_Exercise directions_. Restate the following data in its entirety, word for word and without images.

_Stored data_.
* * * * * * *
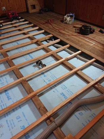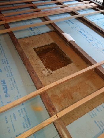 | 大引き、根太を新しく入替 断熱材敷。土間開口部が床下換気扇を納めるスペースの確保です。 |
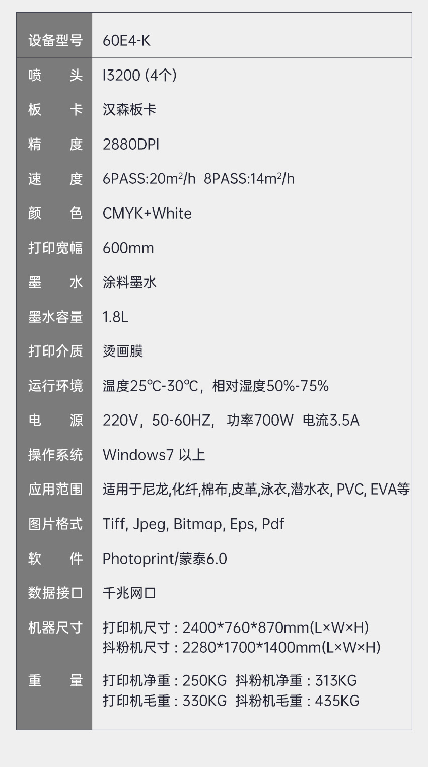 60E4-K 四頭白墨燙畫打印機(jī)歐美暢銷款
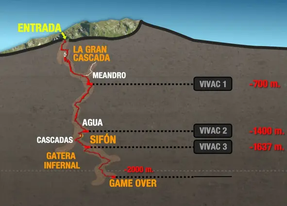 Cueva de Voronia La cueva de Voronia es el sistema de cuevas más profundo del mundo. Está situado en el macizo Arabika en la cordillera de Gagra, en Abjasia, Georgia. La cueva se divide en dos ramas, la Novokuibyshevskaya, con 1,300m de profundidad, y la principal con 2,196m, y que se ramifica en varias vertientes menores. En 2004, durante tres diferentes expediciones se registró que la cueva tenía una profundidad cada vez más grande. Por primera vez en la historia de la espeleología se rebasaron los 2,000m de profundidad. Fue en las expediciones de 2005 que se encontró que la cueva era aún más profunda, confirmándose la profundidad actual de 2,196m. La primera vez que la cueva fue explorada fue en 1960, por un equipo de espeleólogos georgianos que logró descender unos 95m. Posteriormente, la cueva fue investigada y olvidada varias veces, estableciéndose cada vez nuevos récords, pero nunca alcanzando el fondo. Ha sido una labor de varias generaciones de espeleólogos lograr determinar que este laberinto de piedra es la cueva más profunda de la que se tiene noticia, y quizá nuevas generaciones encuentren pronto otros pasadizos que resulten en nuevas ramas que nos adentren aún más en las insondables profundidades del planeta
* * * * * * *
_Exercise answer_.
 | 大引き、根太を新しく入替 断熱材敷。土間開口部が床下換気扇を納めるスペースの確保です。 |
 60E4-K 四頭白墨燙畫打印機(jī)歐美暢銷款
 Cueva de Voronia La cueva de Voronia es el sistema de cuevas más profundo del mundo. Está situado en el macizo Arabika en la cordillera de Gagra, en Abjasia, Georgia. La cueva se divide en dos ramas, la Novokuibyshevskaya, con 1,300m de profundidad, y la principal con 2,196m, y que se ramifica en varias vertientes menores. En 2004, durante tres diferentes expediciones se registró que la cueva tenía una profundidad cada vez más grande. Por primera vez en la historia de la espeleología se rebasaron los 2,000m de profundidad. Fue en las expediciones de 2005 que se encontró que la cueva era aún más profunda, confirmándose la profundidad actual de 2,196m. La primera vez que la cueva fue explorada fue en 1960, por un equipo de espeleólogos georgianos que logró descender unos 95m. Posteriormente, la cueva fue investigada y olvidada varias veces, estableciéndose cada vez nuevos récords, pero nunca alcanzando el fondo. Ha sido una labor de varias generaciones de espeleólogos lograr determinar que este laberinto de piedra es la cueva más profunda de la que se tiene noticia, y quizá nuevas generaciones encuentren pronto otros pasadizos que resulten en nuevas ramas que nos adentren aún más en las insondables profundidades del planeta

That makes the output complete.